> Problem description: Starting with the line that contains "蜗牛向上正姿护眼笔林文老师防", give again exactly and only each line through the end of the records; include the last line and exclude pictures.
::: Recorded information :::
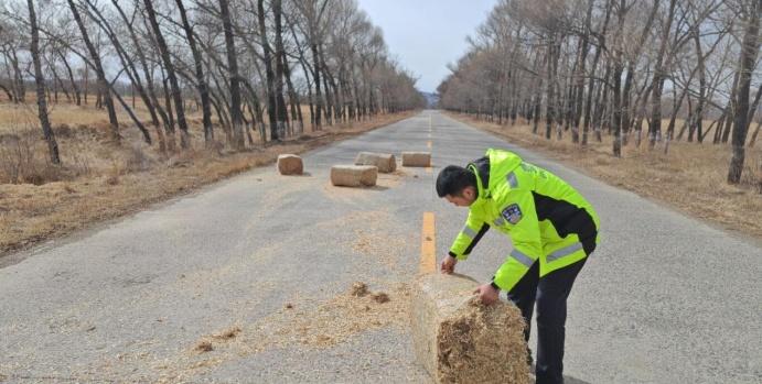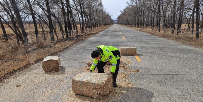 【交警变身“清障侠”,清理路面草垛保平安】3月6日,乌兰察布市交通管理支队凉城大队六苏木中队在辖区岱虎路开展日常巡逻勤务时,发现路面中央散落着大型草垛,占据一半行车道,严重影响车辆正常通行,极易引发刮擦、追尾等交通事故,存在极大安全隐患。岱虎路贯穿六苏木镇全境,是辖区重要通行道路,路面障碍物的存在给过往群众出行带来极大风险superscript:6。 发现险情后,执勤民辅警立即停车做好安全防护,迅速上前开展清理工作。面对笨重的草垛,大家齐心协力、徒手搬运,不怕脏、不怕累,将散落的草垛逐一移至路边安全区域,及时消除道路安全隐患,恢复正常通行秩序。此举践行了交管部门日常巡逻中及时排查处置路面隐患的工作要求,全力防范道路交通事故发生superscript:4。 此次快速处置,有效保障了辖区道路交通安全畅通,充分展现了凉城交管民辅警履职尽责、为民服务的责任担当,用实际行动守护群众平安出行路,彰显了“人民公安为人民”的初心使命。 (通讯员:乌兰察布市交管支队凉城大队 郭苗苗 初审:陈婉彤 复审:孟祥婧 终审:张瑞 校对:陈婉彤 校审:孟祥婧 校发:张瑞 编辑:郝晓霞)
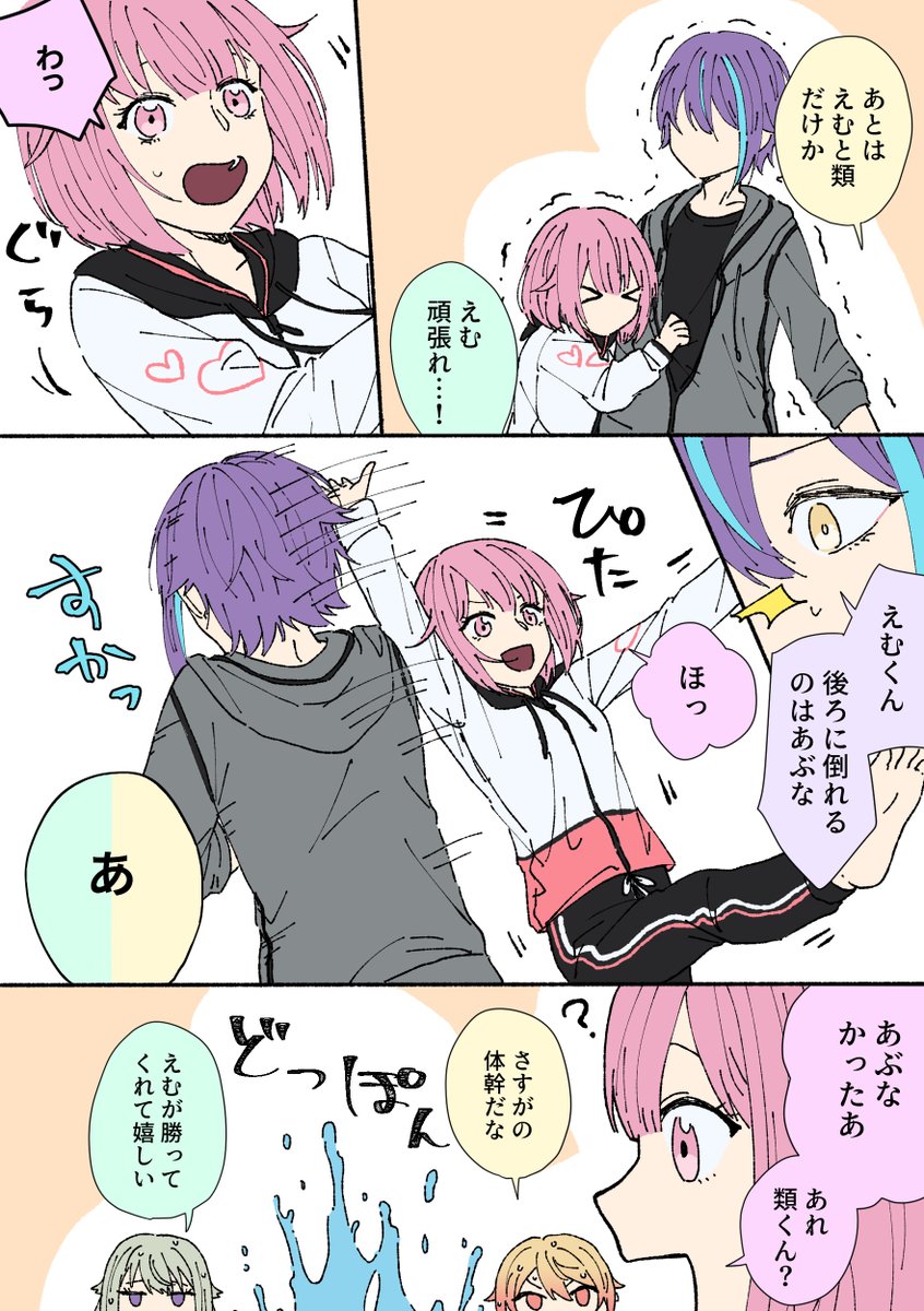 プールでわちゃって過去と今を比べたりする話です。
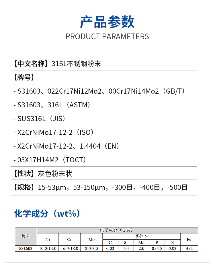 产品名称 | 316L奥氏体不锈钢粉末 | ||
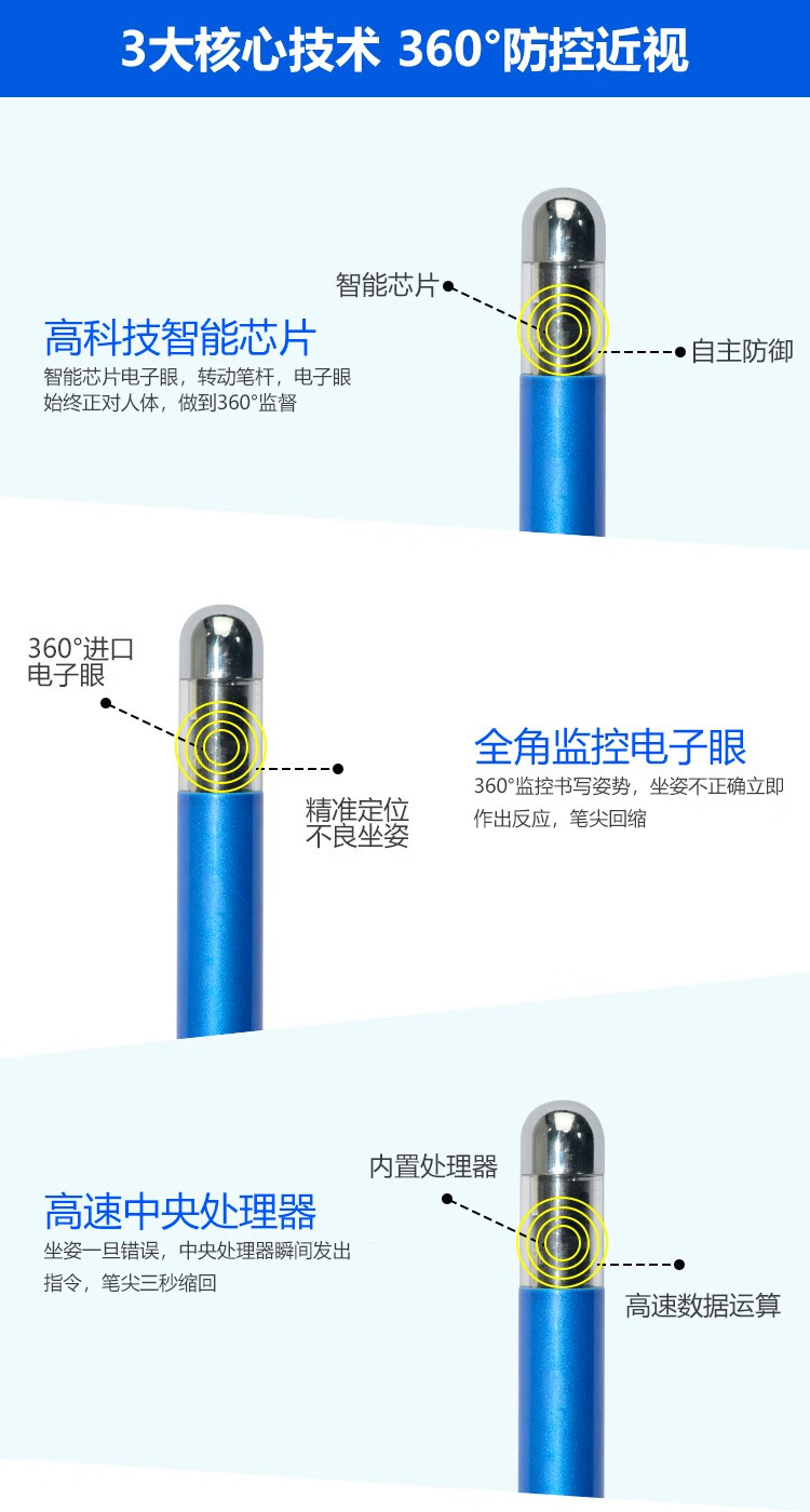 蜗牛向上正姿护眼笔林文老师防近视笔智能笔小学生儿童纠正坐姿防低头自动铅笔中性笔防驼背坐姿不正写不出 蓝色
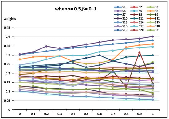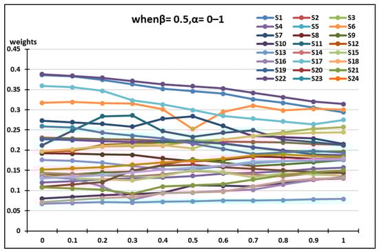 With and , when the environment is the most stable in the future (), the first five evaluation criteria are vaccine efficacy and protection during transportation (S22), local recurring weather properties and conditions (S1), construction of local quality and safety systems (S17), degree of national economic development (S6), and degree of standardization in the cold-chain logistics industry (S7). With an increasingly unstable future environment, the weight of the top five ranked indicators gradually drops as the environment stabilizes, and the lower-ranked indicators gradually rise. Among those with steadily increasing weights are the safety monitoring of transportation processes (S26), response capacity and safeguards in case of local accidents (S21), types of traffic status (S4), distribution of specialized personnel (S9), and rate of timeliness of information delivery (S25). This suggests that the safety monitoring of transportation, emergency response capabilities, traffic status, cold-chain talent, and information delivery become increasingly important as the uncertainties of future environments become elevated.
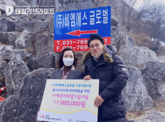 (데일리브라이트 ( DailyBright )) ㈜비엠에스글로벌 백승명 대표이사는 15일 광주시 복지사각지대 취약계층 지원을 위해 광주시 남부무한돌봄 행복나눔센터에 희망기금 1천700만원을 기탁했다.
:::
> Task solution:
 蜗牛向上正姿护眼笔林文老师防近视笔智能笔小学生儿童纠正坐姿防低头自动铅笔中性笔防驼背坐姿不正写不出 蓝色
 With and , when the environment is the most stable in the future (), the first five evaluation criteria are vaccine efficacy and protection during transportation (S22), local recurring weather properties and conditions (S1), construction of local quality and safety systems (S17), degree of national economic development (S6), and degree of standardization in the cold-chain logistics industry (S7). With an increasingly unstable future environment, the weight of the top five ranked indicators gradually drops as the environment stabilizes, and the lower-ranked indicators gradually rise. Among those with steadily increasing weights are the safety monitoring of transportation processes (S26), response capacity and safeguards in case of local accidents (S21), types of traffic status (S4), distribution of specialized personnel (S9), and rate of timeliness of information delivery (S25). This suggests that the safety monitoring of transportation, emergency response capabilities, traffic status, cold-chain talent, and information delivery become increasingly important as the uncertainties of future environments become elevated.
 (데일리브라이트 ( DailyBright )) ㈜비엠에스글로벌 백승명 대표이사는 15일 광주시 복지사각지대 취약계층 지원을 위해 광주시 남부무한돌봄 행복나눔센터에 희망기금 1천700만원을 기탁했다.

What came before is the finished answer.